• _WHAT YOU ARE ASKED TO DO_: Reproduce the listing below in full and without alteration, apart from its pictures.

• _COLLECTED MATERIAL_:

'''

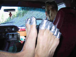 Actually this photo was taken before starting Hood to Coast Relay. Hood To Coast Relay is the largest relay race in North America, its stretches 195 miles from the top of Oregon's Mt. Hood, down to the Pacific Ocean, in Seaside, Oregon, over 12,000 runners show up to experience this annual event, now in it's 21th year. What you see is our first runner after duct taping his toes to prevent blisters. All new to me. I wouldn't believe it if I hadn't seen it with my own eyes. So I photo'd it. And it worked too. I didn't use duct tape and I got blisters. :^( So, lesson learned, need to prevent chafing of nips or pits, or blisters on the feet, I guess you just have to duct tape it. Pretty kewl huh! :^) --- Kevin
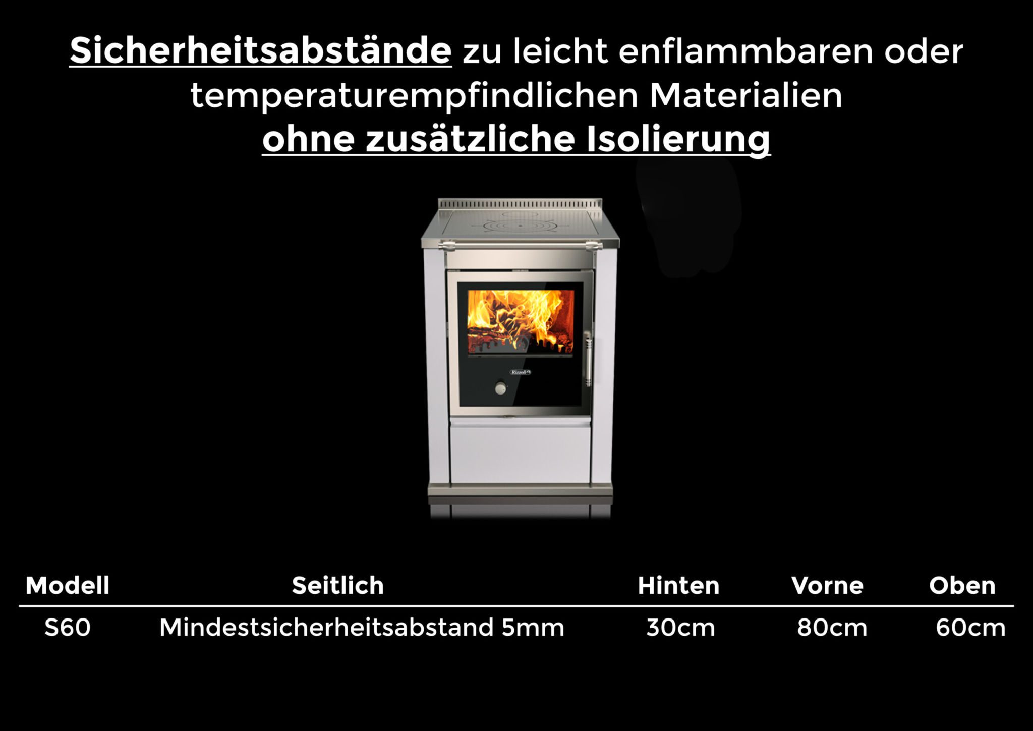 Halten Sie Rücksprache mit dem Schornsteinfeger Ihres Vertrauens – damit eine spätere Abnahme garantiert ist. Dieser kontrolliert vor dem Einbau der Feuerstelle Ihren Schornstein auf Verwendbarkeit. Beachten Sie grundsätzlich die Bedienungs- und Aufstellanleitungen des Ofens und wahren Sie die erforderlichen Sicherheitsabstände.
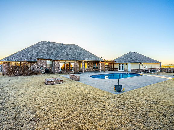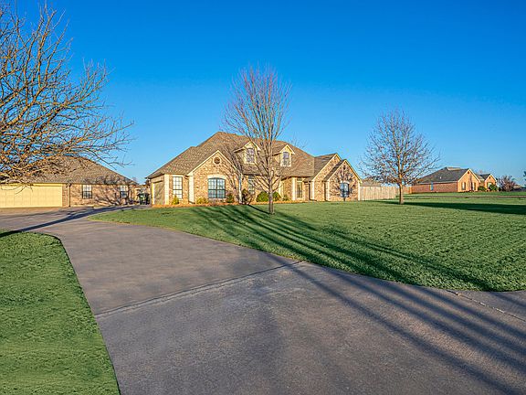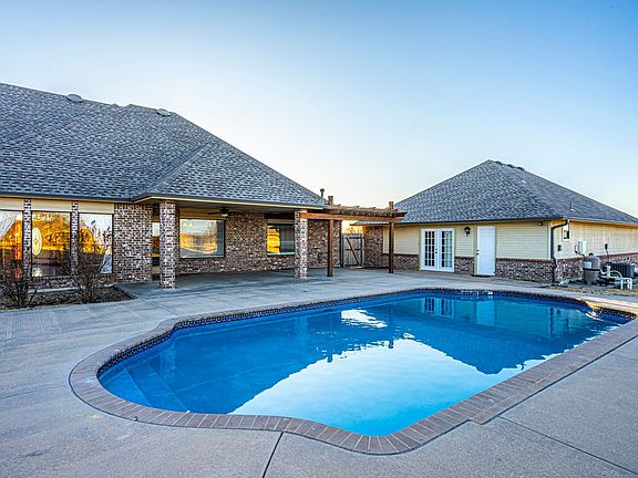 This Beautiful spacious property sits on .93 acres (mol) With a total of 3900 sq foot . Main home has 2 car attached Garage with 3278 Sq foot and The Cabana/Guest House has a oversized 2 car garage with 600 Sq foot of living space, kitchen , living rm, full bath and bedroom. Home has 4 bedrooms 2 1/2 Bathrooms Downstairs and one full Bathroom and Large Bonus room upstairs . There are two Living areas downstairs and fourth bedroom could also be a study. Granite Kitchen Tops, breakfast bar, Eating area and plenty of cabinets . Master bathroom has Jetted tub, Shower, Double vanities, walk in closet. Utility room is large with custom built shelving for extra storage. Large outside Covered porch and A Gorgeous pool , extra concrete, Pergola and Fire pit . Just a mile off of I-35 short commute to Edmond or Guthrie

'''

• _WRITTEN RESPONSE_:
 Actually this photo was taken before starting Hood to Coast Relay. Hood To Coast Relay is the largest relay race in North America, its stretches 195 miles from the top of Oregon's Mt. Hood, down to the Pacific Ocean, in Seaside, Oregon, over 12,000 runners show up to experience this annual event, now in it's 21th year. What you see is our first runner after duct taping his toes to prevent blisters. All new to me. I wouldn't believe it if I hadn't seen it with my own eyes. So I photo'd it. And it worked too. I didn't use duct tape and I got blisters. :^( So, lesson learned, need to prevent chafing of nips or pits, or blisters on the feet, I guess you just have to duct tape it. Pretty kewl huh! :^) --- Kevin
 Halten Sie Rücksprache mit dem Schornsteinfeger Ihres Vertrauens – damit eine spätere Abnahme garantiert ist. Dieser kontrolliert vor dem Einbau der Feuerstelle Ihren Schornstein auf Verwendbarkeit. Beachten Sie grundsätzlich die Bedienungs- und Aufstellanleitungen des Ofens und wahren Sie die erforderlichen Sicherheitsabstände.
 This Beautiful spacious property sits on .93 acres (mol) With a total of 3900 sq foot . Main home has 2 car attached Garage with 3278 Sq foot and The Cabana/Guest House has a oversized 2 car garage with 600 Sq foot of living space, kitchen , living rm, full bath and bedroom. Home has 4 bedrooms 2 1/2 Bathrooms Downstairs and one full Bathroom and Large Bonus room upstairs . There are two Living areas downstairs and fourth bedroom could also be a study. Granite Kitchen Tops, breakfast bar, Eating area and plenty of cabinets . Master bathroom has Jetted tub, Shower, Double vanities, walk in closet. Utility room is large with custom built shelving for extra storage. Large outside Covered porch and A Gorgeous pool , extra concrete, Pergola and Fire pit . Just a mile off of I-35 short commute to Edmond or Guthrie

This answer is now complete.